В силу своей теоретической ориентации бихевиористы, говоря о депрессии, как правило, не анализируют дискретные аффекты и аффективно-когнитивные интеракции. Разработанные ими теории могут оказаться полезными с точки зрения создания подходов к изучению причин определенных поведенческих реакций депрессивных людей. Костелло (Costello, 1972) пишет, что классическая теория научения, в которой депрессия рассматривается как утрата подкрепления, не может адекватно объяснить все клинические случаи депрессии. В качестве примера он приводит случай, когда мужчина, потеряв жену, отказывается от пищи: пища как положительный стимул, хотя и на время, но утратила для него свою эффективность.
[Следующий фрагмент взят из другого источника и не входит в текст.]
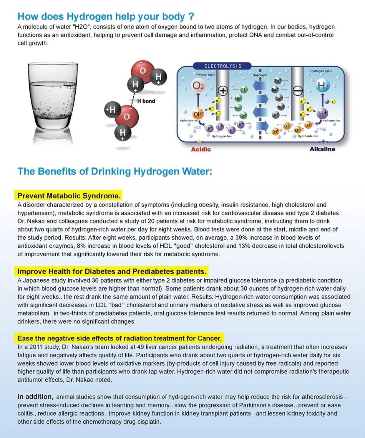 Drinking antioxidant water is probably the single most important thing you can do for your health and well-being. More plates in a water ionizer means higher negative ORP level and more hydrogen gas bubbles. which is believed to offer several health benefits, such as improved bone health, slowing down the aging process, improved gastrointestinal health, and decreased risk of cancer, heart disease etc.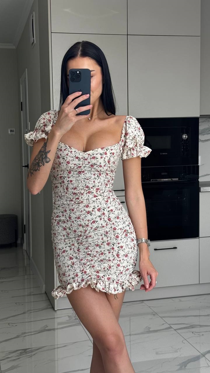 Будьте першим, хто залишив відгук “Мини платье с воланчиком по низу+ рукавчиками, можно носить спущенными бежевый в цветочки”“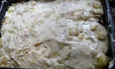 Remueve de vez en cuando y cuando estén tiernas, saca a una fuente de horno. Reserva mientras preparamos la bechamel de cobertura.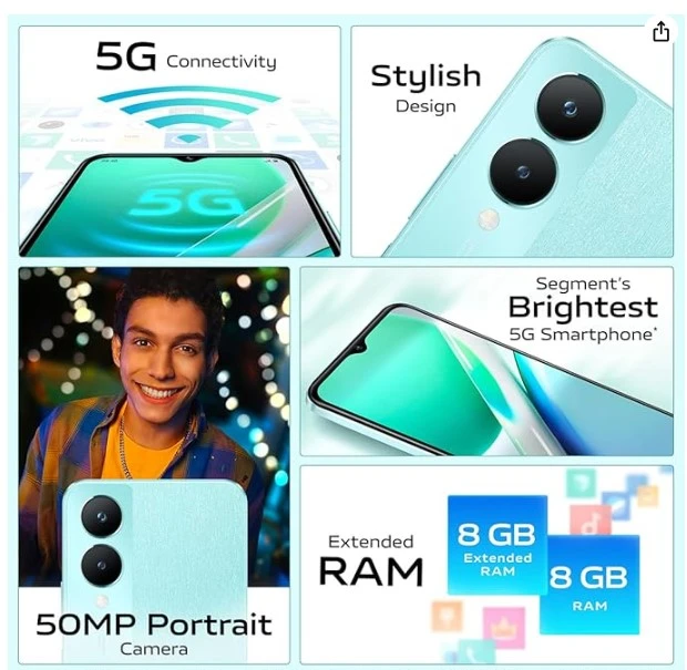 Camera: About this item: Dual 50MP+2MP Rear Camera, 8MP Selfie Camera, Slow-Mo Display, Rear Flash 6.56 inches (16.66cm) LCD Capacitive multi-contact show 90Hz invigorate rate, 269 ppi Memory and SIM: 8GB Slam | 128GB interior memory; UFS 2.2 | LPDDR4X Battery and charging: 5000 mAh Li-particle battery with 15W charging Side-mounted capacitive finger impression sensor Processor: Dimensity 6020 5G processor (in view of 7nm engineering) Camera highlights: Night, Portrait, Video, 50 MP, Pano, Live Photo, Slow Motion, Time Lapse, Professional, Documents |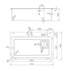 Размер: 72х46см. Высота 21,5см. Глубина 20,8см. Материал: нержавеющая сталь. Цвет графит.

В своей критике Костелло, однако, не выходит за рамки бихевиористских традиций и традиций теории научения; он утверждает, что феномен депрессии объясняется не утратой подкрепления адаптивных форм поведения, а утратой эффективности подкрепляющего стимула. Пытаясь расширить свою теорию научения, Костелло выдвигает гипотезу, что утрата эффективности подкрепляющего стимула может быть вызвана биохимическими и нейрофизиологическими факторами. По его мнению, модель депрессии, разработанная Селигманом в результате экспериментов над животными, не применима к анализу депрессии у человека (Costello, 1978) [37, c.168].
Говоря о психоаналитической традиции анализа депрессии, прежде всего следует остановиться на трактовке происхождения и роли различных дискретных эмоций. Все психоаналитики сходятся в том, что эмоция печали является частью депрессивного синдрома (Bibring, 1968). Печаль, по их мнению, возникает в результате действительной или воображаемой утраты, которая угрожает самоуважению, самоуверенности и эмоциональной безопасности индивида. Психоаналитики считают, что предрасположенность к печали формируется на оральной стадии младенчества, в период максимальной беспомощности и зависимости индивида.
Второй эмоцией, которую большинство психоаналитиков вслед за Абрахамом (Abraham, 1911/1968) считают компонентом депрессивного синдрома, является эмоция гнева. Все теоретики психоанализа согласны с тем, что гнев и враждебность, наблюдаемые при депрессии, берут начало из ранней фрустрации и тенденции к фиксации на ранней оральной и орально-садистической стадиях психосексуального развития. Некоторые специалисты (Frornm-Reichmann, 1953; Bibring, 1968), однако, отводят гневу и враждебности меньшую роль [15. c.134].
С депрессией психоаналитики связывают и чувство вины. Радо (Rado, 1968), например, считает настроение мрачного раскаяния доминирующим в депрессивном синдроме. Само словосочетание "мрачное раскаяние" подразумевает комбинацию печали и вины. Чувство вины, согласно психоаналитической схеме, возникает вследствие плохо контролируемого гнева и ярости и детерминированного ими поведения.